How to Bill a Claim with a Miscellaneous code (L2999 or L5999)

Linda Collins
08-23-2019
Blog

When the existing HCPCS do not adequately describe a product you have the option to use a miscellaneous code. There are specific requirements to include in your claim when using a miscellaneous code.


When the existing HCPCS do not adequately describe a product you have the option to use a miscellaneous code. There are specific requirements to include in your claim when using a miscellaneous code.

The miscellaneous HCPCS codes include:

  • L2999 – lower extremity orthosis, NOS (not otherwise specified)
  • L5999- lower extremity prosthesis, NOS (not otherwise specified)

Miscellaneous codes do not have specific reimbursement amounts. Payers have various methods for determining payment amount when a miscellaneous code is submitted. Private payer contracts should specify how miscellaneous codes are processed. Payers may use one of the following methods for determining reimbursement of miscellaneous codes:

  1. Percent of Billed Charges
  2. MSRP Minus
  3. Invoice Plus

Percent of Billed Charges

The contract may state "payment will be X% of billed charges." The payer will discount the amount you submit on the claim by the percentage indicated in the contract. In this case, you must be aware of the percentage so you can determine your reimbursement. If your contract is not clear, contact the Provider Relations department at the payer. 

MSRP Minus

The contract may state "payment will be MSRP minus X%." The claim may be held for payment until you provide the MSRP amount. The payer may ask for official documentation to substantiate the MSRP. In this case, you may use the Össur MSRP letter specific to the product.
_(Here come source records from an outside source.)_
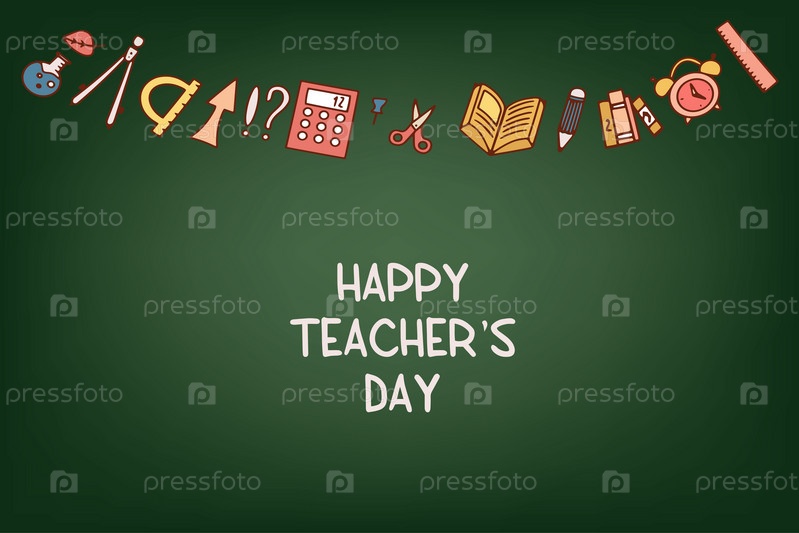 Векторная открытка с Днем учителя с надписями. Дизайн поздравительной открытки, макета, логотипа, марки или баннера ко Дню учителя. Ручные школьные принадлежности и листья
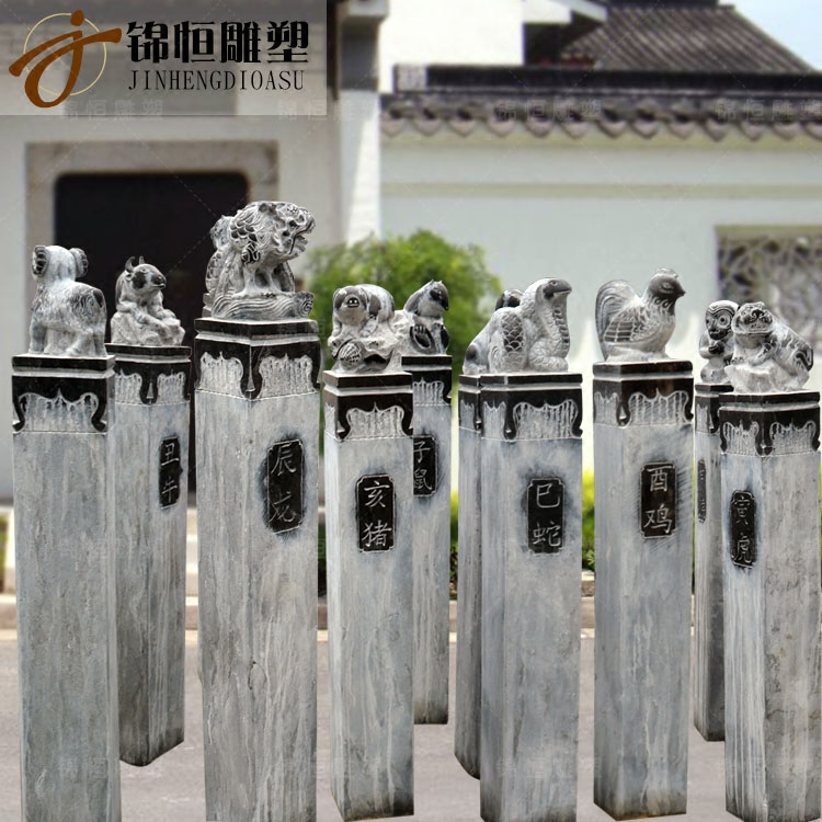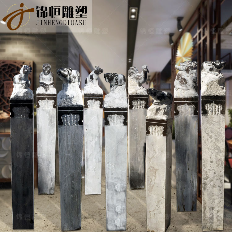 Stone Sculpture Tethered Horse Pile Zodiac Zodiac Imitation Ancient Make Old Hotel Courtyard's Courtyard House of Feng Shui Swing Adorned the Qingshi Chained Horse column
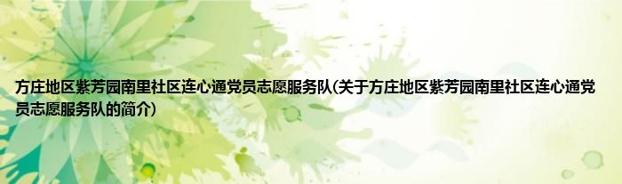 1、 方庄地区紫芳园南里社区连心通党员志愿服务队是由方庄地区连心通党员志愿服务队领导下的志愿团体。

The contract may state "payment will be the invoice amount plus X%." In this case, the payer will ask for a complete invoice and increase it up by the amount specified in the contract.

On the claim form, either HCFA 1500 or electronic equivalent, you must include specific information in certain boxes:

  • Box 19 requires a description of the product. The manufacturer may provide a description to you or you may choose to write your own narrative. There is limited character space, which means you may need to use abbreviations.
  • Box 21 requires a diagnosis code.  This will be an ICD 10 code provided by the prescribing physician.
  • Box 24D requires you to list the miscellaneous code you are billing (e.g. L2999)

What does this mean for you?

The use of miscellaneous codes may be valid as a way to describe certain products. Be prepared with the information, complete the form with the requested descriptions, plan on an inquiry from the payer, and understand the reimbursement methodology used to pay miscellaneous codes.